Elle explique que «l’extradition de François Compaoré constituerait  une violation de l’article 3 de la Convention de sauvegarde des droits de l’homme et des libertés fondamentales, en son volet procédural en cas d’extradition du requérant vers le Burkina Faso, faute d’une appréciation ex Nunc par les autorités françaises du risque qu’il allègue encourir en cas de mise en exécution de la mesure de remise à l’Etat qui demande son extradition». Ainsi, elle affirme «qu’il est souhaitable dans l’intérêt du bon déroulement de la procédure, de ne pas extrader le requérant jusqu’à ce que le présent arrêt devienne définitif ou qu’elle rende une autre décision à cet égard». Elle juge donc qu’il y aurait «violation de l’article 3 de la Convention européenne des droits de l’homme («nul ne peut être soumis à la torture ni à des peines ou traitements inhumains ou dégradants»), en son volet procédural en cas de mise à exécution du décret d’extradition sans réexamen préalable de la validité et de la fiabilité des assurances diplomatiques fournies par le Burkina Faso». A cet effet, la Cour européenne des droits de l’homme exhorte Paris à réexaminer le décret autorisant l’extradition du frère cadet de l’ancien président Blaise Compaoré. Au titre des frais et dépens, l’Etat du Burkina Faso doit verser la somme de 15 000 euros (9 825 000 Francs CFA) au requérant pour frais et dépens dans un délai de trois mois. François Compaoré avait demandé 100 000 euros (65 500 000 F CFA). Notons que pour l’heure, la décision de la CEDH n’est pas définitive, et laisse la porte ouverte à un recours auprès de la Grande Chambre.

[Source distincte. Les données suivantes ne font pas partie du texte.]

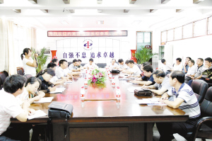 近日,安陽市內黃縣副縣長秦莉帶領該縣教育系統(tǒng)領導、老師一行27人來鄲城一高參觀、交流。鄲城一高在今年高招中取得優(yōu)異成績,省內外來校參觀、學習的兄弟學校絡繹不絕。圖為該校黨委書記、校長劉成章在向客人介紹學校教育教學工作情況。(王雪濤 攝)

En rappel, François Compaoré avait été mis aux arrêts le 29 octobre 2017 à l’aéroport français de Roissy en exécution d’un mandat d’arrêt international lancé par Ouagadougou. La justice burkinabè avait aussitôt demandé son extradition, et fournit des garanties à la France. Le Burkina Faso s’était engagé à garantir un procès équitable mené par un tribunal indépendant et promis qu’en cas de condamnation à mort de François Compaoré, la peine ne serait pas mise à exécution.

En vertu de l’article 3 de la Convention européenne des droits de l’homme

Après plusieurs mois de procédures, le 21 février 2020, dans un décret signé par le premier ministre Edouard Philippe, le gouvernement français avait autorisé l’extradition de François Compaoré vers le Burkina Faso. Ce décret fera l’objet d’un recours de l’ancien conseiller de Blaise Compaoré auprès du Conseil d’Etat français qui, à son tour avait validé le décret d’extradition le 30 juillet 2021. En dernier ressort, François Compaoré avait donc décidé d’introduire un recours devant la Cour européenne des droits de l’homme (CEDH). Pour sa cause, il indiquait que son extradition entraînerait des conséquences d’une gravité exceptionnelle sur sa sécurité et son intégrité physique, et violerait l’article 3 de la Convention européenne des droits de l’homme. Et c’est en vertu de cet alinéa que cette cour a opposé une fin de non-recevoir à cette extradition.